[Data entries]
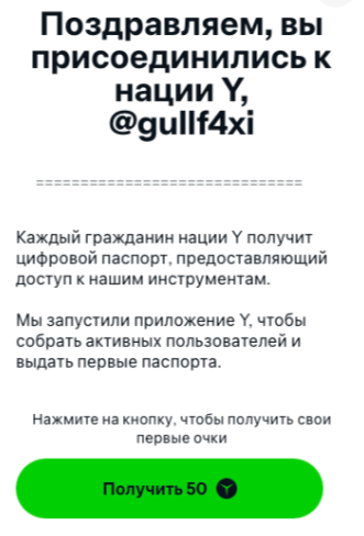 Игрокам в игре нужно делать ответы на вопросы в Y nation bot и получать за это до 2000 очков. Также в игре есть пассивный майнинг, где дают до 5 очков в час.
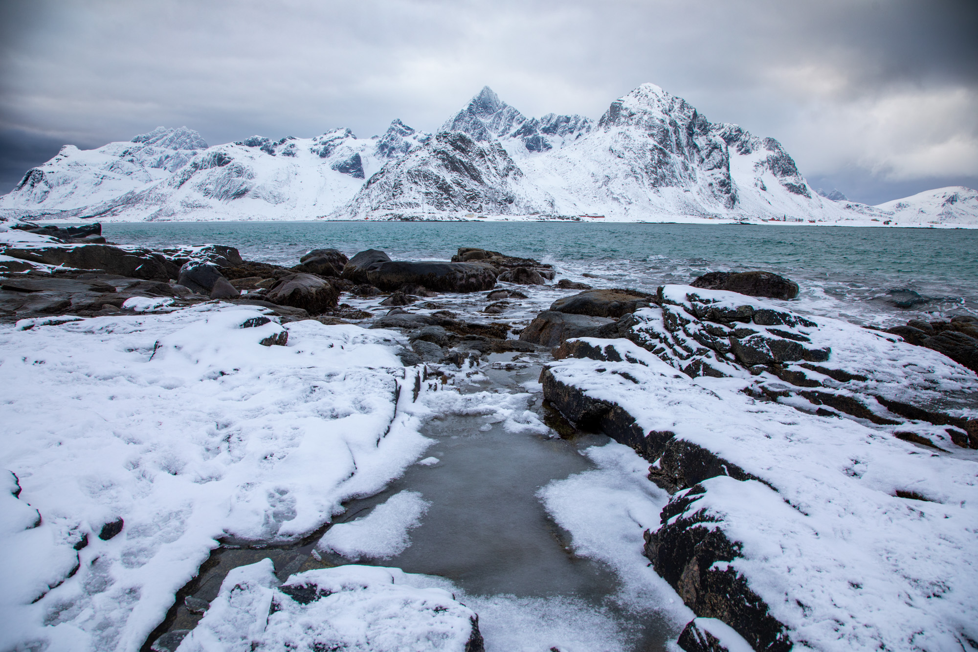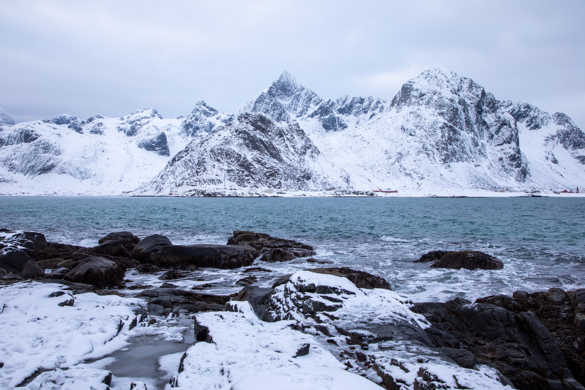 L’eau est d’un bleu froid mais lumineux, les montagnes sont très acérées. On trouve enfin un endroit pour s’arrêter, il y a déjà un groupe de photographes asiatiques très bien équipés qui prennent en photo les vagues. On marche dans la neige pour s’approcher du bord, il faut faire attention à ne pas avoir le pied qui traverse la glace qui n’est pas toujours très épaisse.
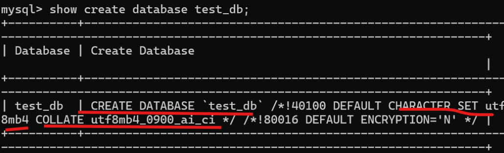 创建⼀个库名为test_db,字符编码集为 utf8mb4 ,排序规则为 utf8mb4_0900_ai_ci 的数据
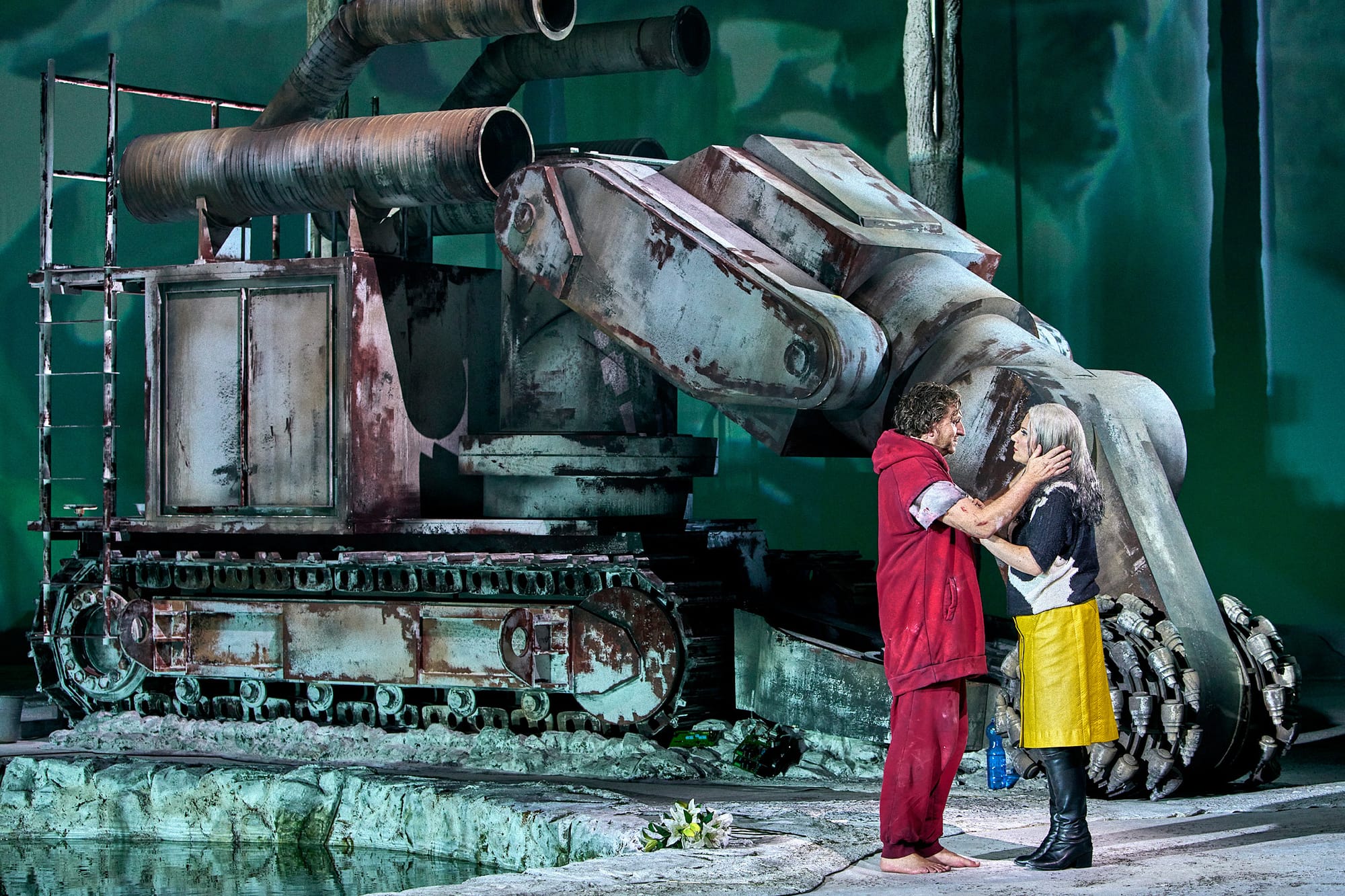 Das Wasserloch auf der Bühne funktioniert im ersten Aufzug noch. Das Wasser ist sauber. Im dritten Aufzug symbolisiert das Loch eine Katastrophe, in die man hineinschaut. Eine Wunde der Natur, geschlagen von uns Menschen, wir haben Schuld an der industriellen Ausbeutung der Erde. Die Wunde in Parsifals Herz hat den Namen seiner Mutter, Herzeleide, sie frisst ihn von innen heraus auf.
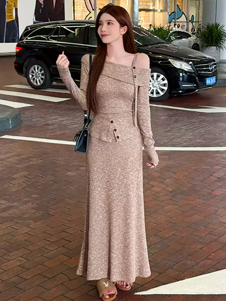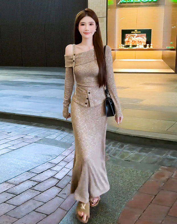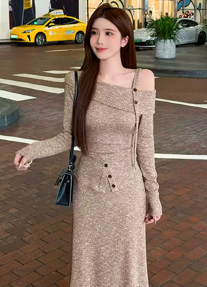 | Feature | VNeckline Dating DinnerC Bodycon OneShoulder Off-Shoulder Irregular Strap Girlish PlainM Khaki |
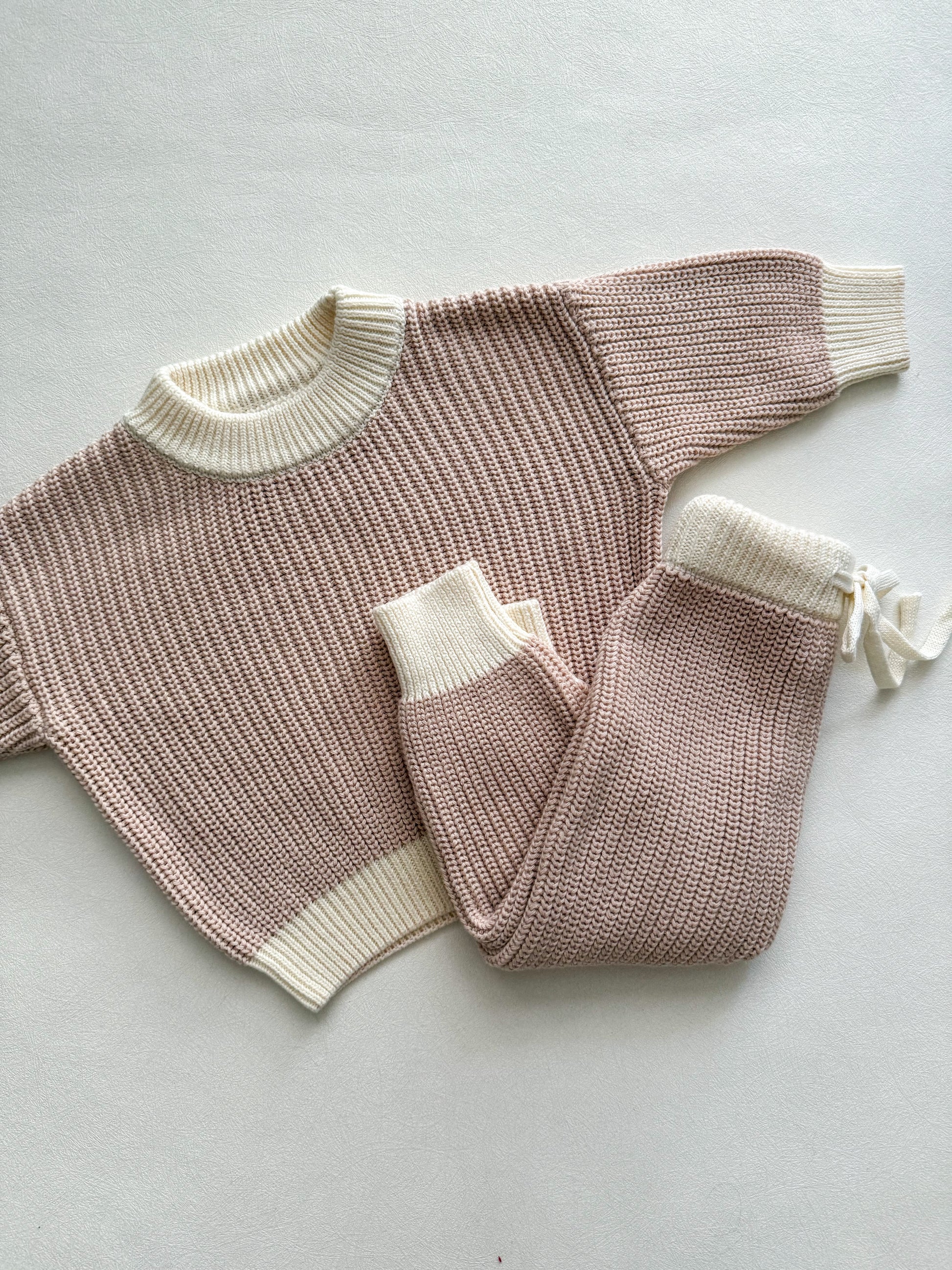 This two tone knit sweater set is 100% cotton. This set has been designed the same as our classic knitwear line with an oversized fit.

TO DO:
If a line falls between the one containing "PlainM Khaki |" and the last line of the entries above, both included, reproduce it exactly; leave the pictures out.

TASK RESPONSE:
 | Feature | VNeckline Dating DinnerC Bodycon OneShoulder Off-Shoulder Irregular Strap Girlish PlainM Khaki |
 This two tone knit sweater set is 100% cotton. This set has been designed the same as our classic knitwear line with an oversized fit.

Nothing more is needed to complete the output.